The researchers’ three-stage GWAS identified a new association between CAD risk and a SNP designated rs6903956 in a putative gene denoted as C6orf105 on chromosome 6p24.1. They note that although the two discovery populations used for the first stage of their GWAS were small compared with most recent GWAS for CAD in populations of European ancestry, the study did encompass independent discovery populations from two geographically different regions of China. The selected SNPs from the discovery populations were then validated in a central China population of 572 cases and 436 controls, and positive SNPs from this validation study were subsequently replicated in three independent populations.

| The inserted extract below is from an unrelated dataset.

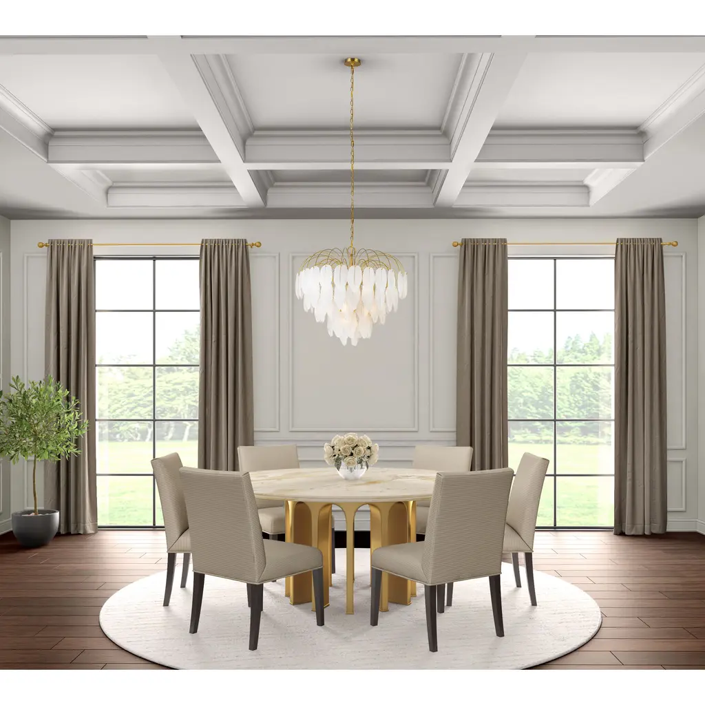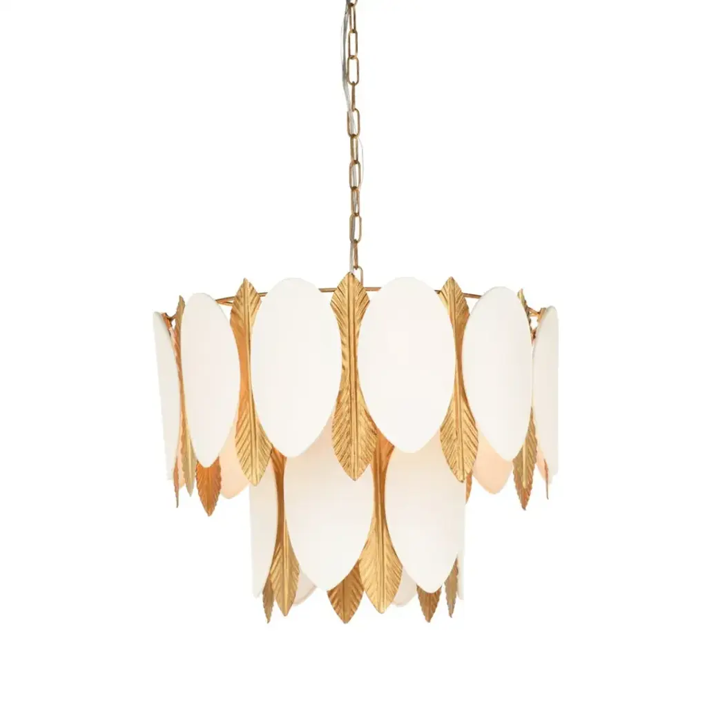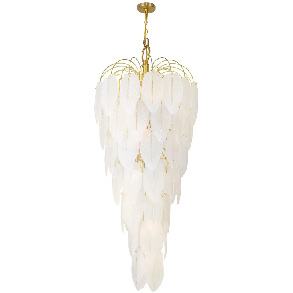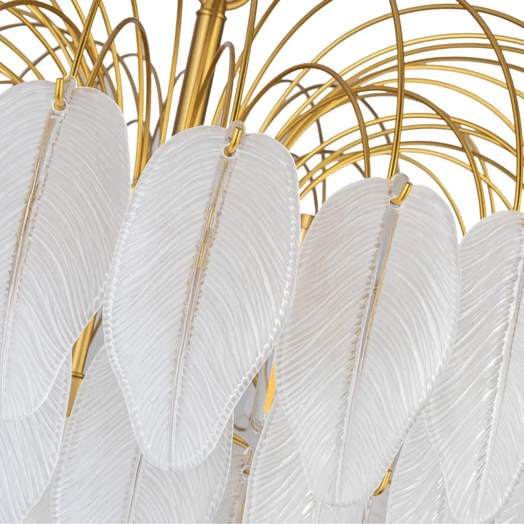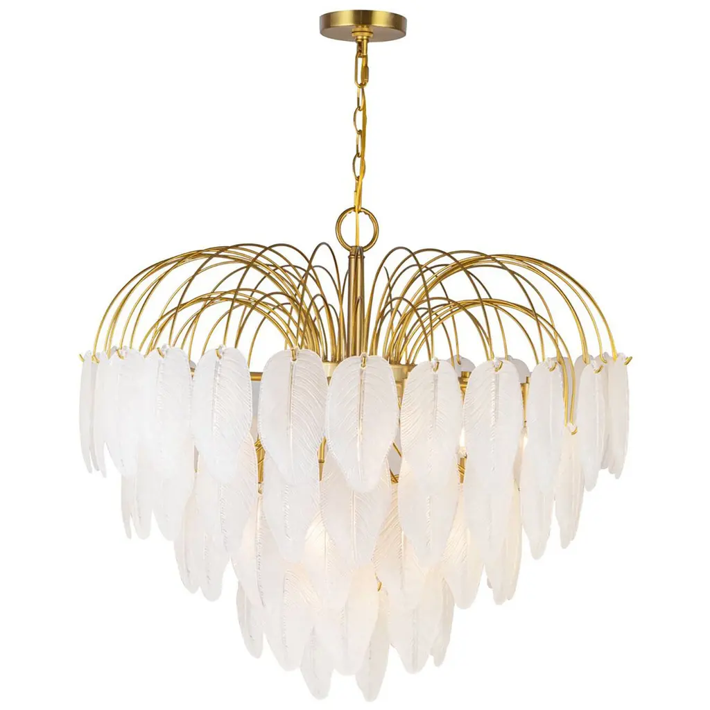 The Alessia collection boasts a captivating design featuring delicate glass leaves suspended from a brilliant airy brass frame. The unique glassware diffuses light casting a mesmerizing and enchanting ambiance in any space. With its harmonious blend of timeless brass elegance and nature-inspired elements, this collection seamlessly combines sophistication and organic beauty, making it a striking centerpiece for any room.

rs6903956 was found to demonstrate a significant association with CAD in all three of these populations. This association was still significant after adjustment for other known statistically significant covariates, the authors note. Significantly, the locus has not previously identified rs6903956 as a susceptibility locus in earlier GWAS in populations of European ancestry, they add. “Thus, the association between rs6903956 and CAD may be limited to the Chinese population and might not be able to be extrapolated to other ethnic populations.”
The Chinese researchers suggest that although the function of C6orf105 is unknown, expression studies also indicate that decreased expression of C6orf105 may be a possible pathogenic cause of CAD. C6orf105 was found to share 33% identity and 51% homology with human androgen-inducible gene 1 product (AIG-1). However, as they admit, “AIG1 expression can be induced by androgen, but little is known about the function of AIG1 ... Further studies may be needed to identify the true causative variant(s) for CAD at this new 6p24.1 CAD locus.”